Monday, October 24, 2011

Polemic on Middle Class Life

Outside of psychology, I find the subject of children boring, and, as you surely know, I find the world of football games and picnics equally bankrupt. I work hard developing myself (through reading, writing, travel and the arts) so that I may have more to discuss with people than kids. For the world of the petty bourgeoisie interests me little: Actually, I detest the idea of living in a world where everyone is competing with one another based on material wealth and, by extension, fertility.  Do you think I care if John Doe, Dan Smith or anyone else has bought a new car or had another kid?

There are a million mediocre men out there who can’t amount to anything more than working at a dead-end job, are losing their sense of attractiveness (not to mention hair), and who are willing to jump into a marriage, or an affair, for the sake of finding some meaning in their vacuous existence.

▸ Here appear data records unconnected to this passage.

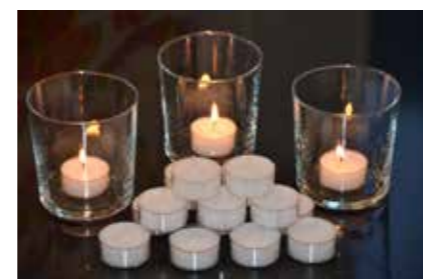
Var försiktig med värmeljus!

Värmeljus är trivsamma, men var försiktig; många värmeljus tillsammans kan orsaka en rökexplosion.
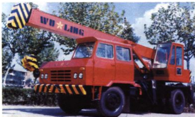
20世纪80年代后期，浦沅工程机械总厂开发生产的大吨位汽车起重机。
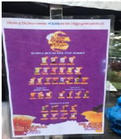
Gambar 2. Menu Varian ES Teh Melatie

UMKM Es Teh Melatie Jambi hadir untuk memenuhi kebutuhan masyarakat Jambi akan minuman segar yang dapat dinikmati di berbagai kesempatan. Sebagai usaha yang baru, Es Teh Melatie Jambi berfokus pada penyediaan minuman berkualitas dengan rasa yang khas dan menyegarkan. Dengan berfokus pada minuman yang segar dan variatif, Es Teh Melatie Jambi berhasil menarik perhatian masyarakat sekitar yang mencari alternatif minuman yang menyegarkan, terutama di tengah cuaca panas. Produk yang ditawarkan pun beragam, mulai dari es teh original, jeruk peras segar, hingga berbagai varian rasa es teh yang disesuaikan dengan selera konsumen.
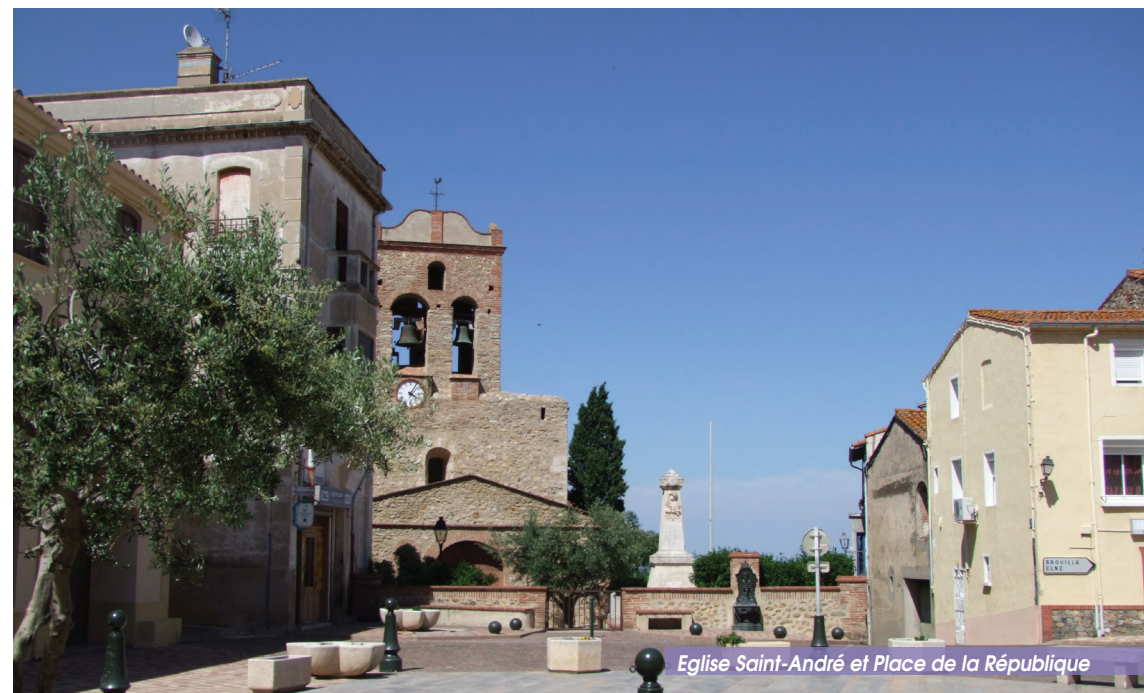
Eglise Saint-André et Place de la République
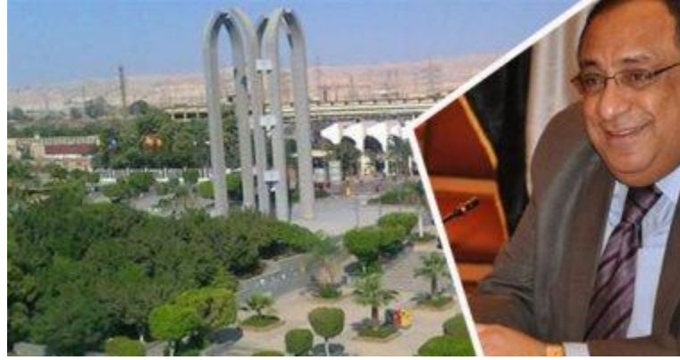
الدكتور ماجد نجم رئيس جامعة حلوان
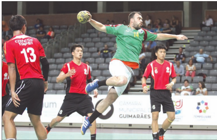
Portugal venceu em masculinos...
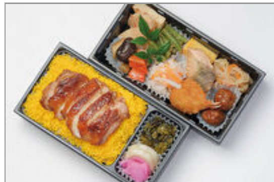
幕内二段重 若鶏の照り焼き 2,000円(税込2,160円)／品番:KNDF028 お茶付き
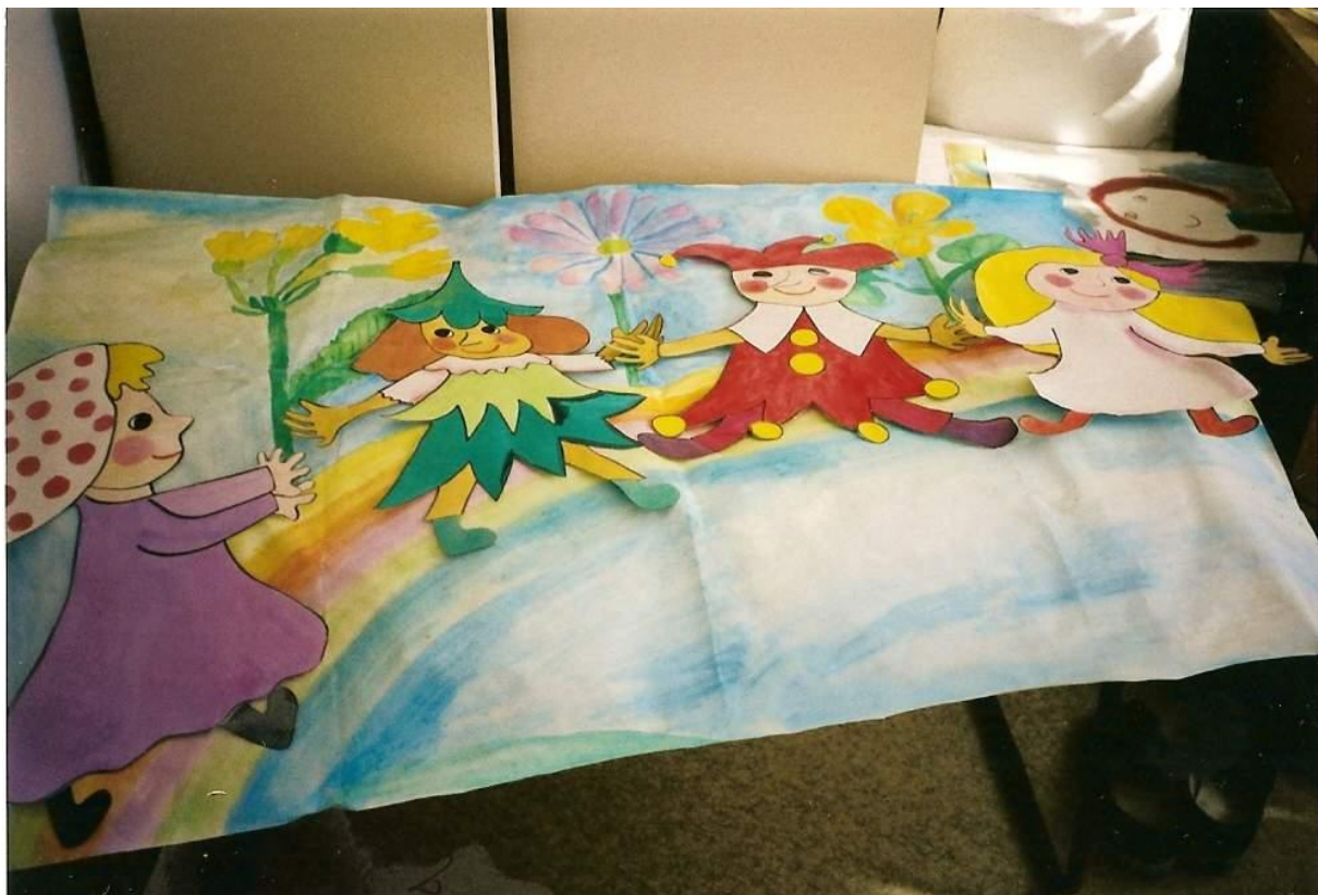
Kolektívne spracovanie témy – SVET očami detí
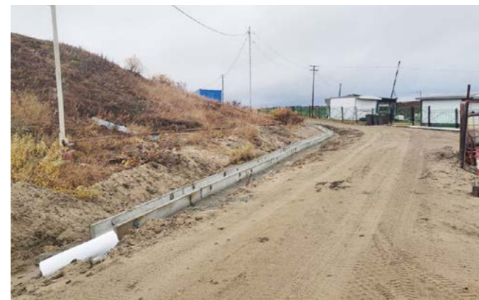
200 метров дороги в щебне и 163 метра водоотводных лотков вместо бездорожья. Летом в микрорайоне Школьном отремонтирован участок дороги

Итоги лета. В Находке завершается сезон благоустройства. По меркам маленького села работа проделана масштабная!
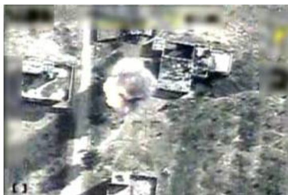
Attaque d'un camion chargé de roquettes Grad (Porte-parole de Tsahal, 29 décembre 2008). Pour voir une vidéo de l'attaque, cliquez ici http://www.terrorism-info.org.il/malam_multimedia/English/eng_n/html/grad.htm .

7. L'armée de l'air a attaqué un camion du Hamas chargé de douzaines de roquettes Grad dans la région de Jabalia (au Nord de la bande de Gaza). Le camion a été touché et les roquettes ont explosé. Il s'avère que le Hamas voulait transporter les roquettes d'un bâtiment où elles étaient stockés vers un emplacement sûr, de crainte que le bâtiment ne soit attaqué par Tsahal, ou les rapprocher d'aires de lancement d'où elles auraient été tirées sur des centres urbains israéliens (Site Internet du porte-parole de Tsahal, 29 décembre 2008).
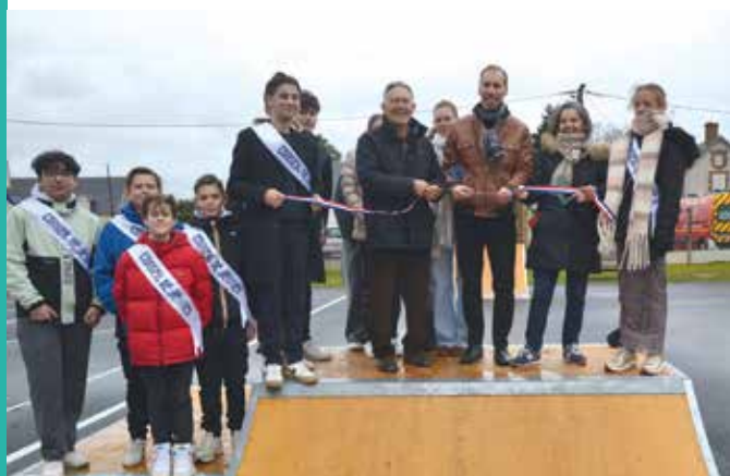
Inauguration du skate park et terrain de basket du dimanche 08 décembre

Merci à l'ensemble des personnes nous ayant aidé à mettre en place ce projet.
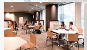
LLC LLC(Language Learning Commons)
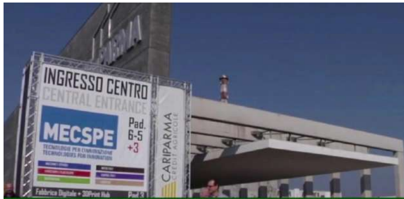
Mec Spe al via domani con 2mila espositori

ia S.p.A. -1,25% 9,48 Hera S.p.A. +0,89% 2,6090 UnipolSai Assicurazioni S.p.A. +1,04% 2,3320 Unipol Grup
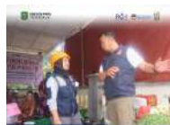
TAGANA Trenggalek Dirikan Dapur Umum untuk Korban Longsor di Desa Depok, Bendungan

There are a million more men who are so spiritually inane that sitting in front of a TV watching sports, visiting a strip bar now and then, drinking beer, and going to their kid’s baseball game is enough to keep them going. (Their wives are just as ugly, the only difference being they watch talk-shows instead of sports.)

Walt Disney and daughters
But don’t get me wrong: I believe it’s possible to have children and live an artistic life (Walt Disney and Stanley Kubrick did it), just as I believe children can enhance life immeasurably. My problem is not with children, but with middle-class, suburban existence, which revolves around child rearing and materialism. I reject the idea of following in my children’s footsteps: children should enhance my lifestyle, not end it. I hold the same views of marriage. Let’s be clear about it: I don’t give a damn what other people think of me, my work and my private life. It’s none of their business—and I refuse to succumb to the insecurity arising from peer pressure. Unfortunately, this is what I think of anyone who challenges me for not having developed in the “right” way. To hell with them! Show me one of these people who isn’t neurotic in his or her secret hours, plagued by the feeling that life is insignificant.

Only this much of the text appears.